Procedural Animation Bikin Gerakan Lebih Adaptif
Kekuatan utama pendekatan ini bukan karena procedural selalu lebih bagus daripada keyframe. Keduanya justru sering saling melengkapi.
Keyframe memberikan kontrol artistik yang kuat sementara procedural layer memberi kemampuan beradaptasi terhadap kondisi yang sulit diprediksi animator sebelumnya.
Satu Animasi Dasar Bisa Punya Banyak Variasi
Karakter dapat memakai animasi dasar yang sama tetapi arah kepala posisi kaki gerakan aksesori dan respons lingkungan berubah mengikuti situasi.
Hasilnya game nggak perlu menyimpan animasi unik untuk setiap kombinasi kecil yang mungkin terjadi.
TOPAN33 Membahas Teknologi yang Baru Terlihat saat Game Bergerak
Lewat TOPAN33 Procedural Animation kita bisa melihat bahwa gerakan di layar nggak selalu datang dari satu file animasi yang tinggal diputar. Ada gerakan yang baru benar-benar terbentuk setelah game mengetahui waktu posisi kecepatan arah target atau kondisi lingkungan.

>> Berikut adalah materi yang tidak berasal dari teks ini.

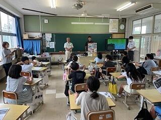 6月29日(木)、5年生が六月灯の歴史について学びました。講師として、六月灯祭り実行委員会から2名の方にきていただきました。授業では、六月灯とは何か?いつ頃から始まったのか?何を願って行われるのか?灯籠に何をかくのか?神社との関係は?等々、一つひとつ丁寧に教えていただきました。今年度、六月灯の祭りが野尻小の体育館で数年ぶりに7月15日に開催されます。子どもたちも、保護者、地域の皆様も、みんな楽しみにしています。毎年、5年生が六月灯の歴史を学ぶことで、地域の伝統行事を受け継ぐことの大切さや地域を愛する心、地域の方々に対する感謝の気持ち、、が育っています。六月灯祭りそのものが、小林市の教育で目指す「自立」「貢献」「感謝」につながっています。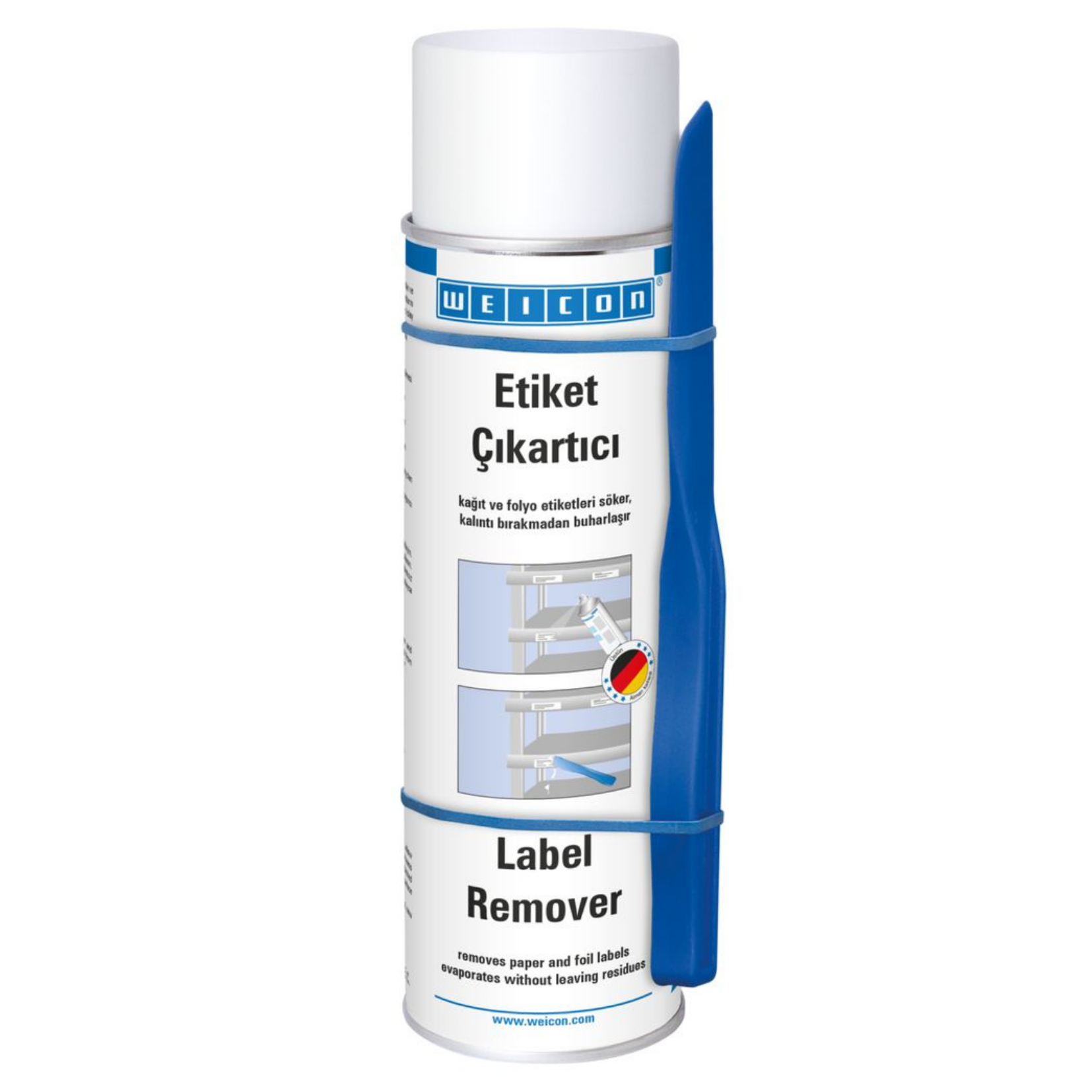 WEICON Etiket Çıkartıcı; akrilat ve kauçuk bazlı basınca duyarlı yapıştırıcıların neden olduğu etiket ve yapışkan kalıntılarını hızlı ve etkili şekilde sökmek için geliştirilmiş sprey üründür. Cam, metal, ahşap, folyo ve plastik gibi birçok yüzeyde güvenle kullanılabilir.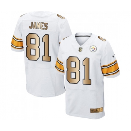 Men's Pittsburgh Steelers #81 Jesse James Elite White Gold Football Jersey

Itulah yang membuat teknologi ini menarik. Aturan dasarnya bisa sederhana tetapi ketika beberapa parameter saling berhubungan hasil visualnya dapat terus berubah mengikuti keadaan permainan.
Aturan yang Tepat Bisa Lebih Berguna daripada Ribuan Gerakan Terpisah
Animator tetap menentukan karakter visual dan developer tetap menentukan batas sistemnya. Procedural Animation berada di tengah keduanya dengan mengambil data runtime lalu mengubahnya menjadi gerakan yang sesuai.
Dari objek kecil yang bergoyang sampai kaki karakter yang menyesuaikan permukaan konsepnya tetap sama: jangan simpan semua kemungkinan gerakan satu per satu kalau sebagian di antaranya bisa dibentuk secara masuk akal dari aturan yang berjalan langsung di dalam game.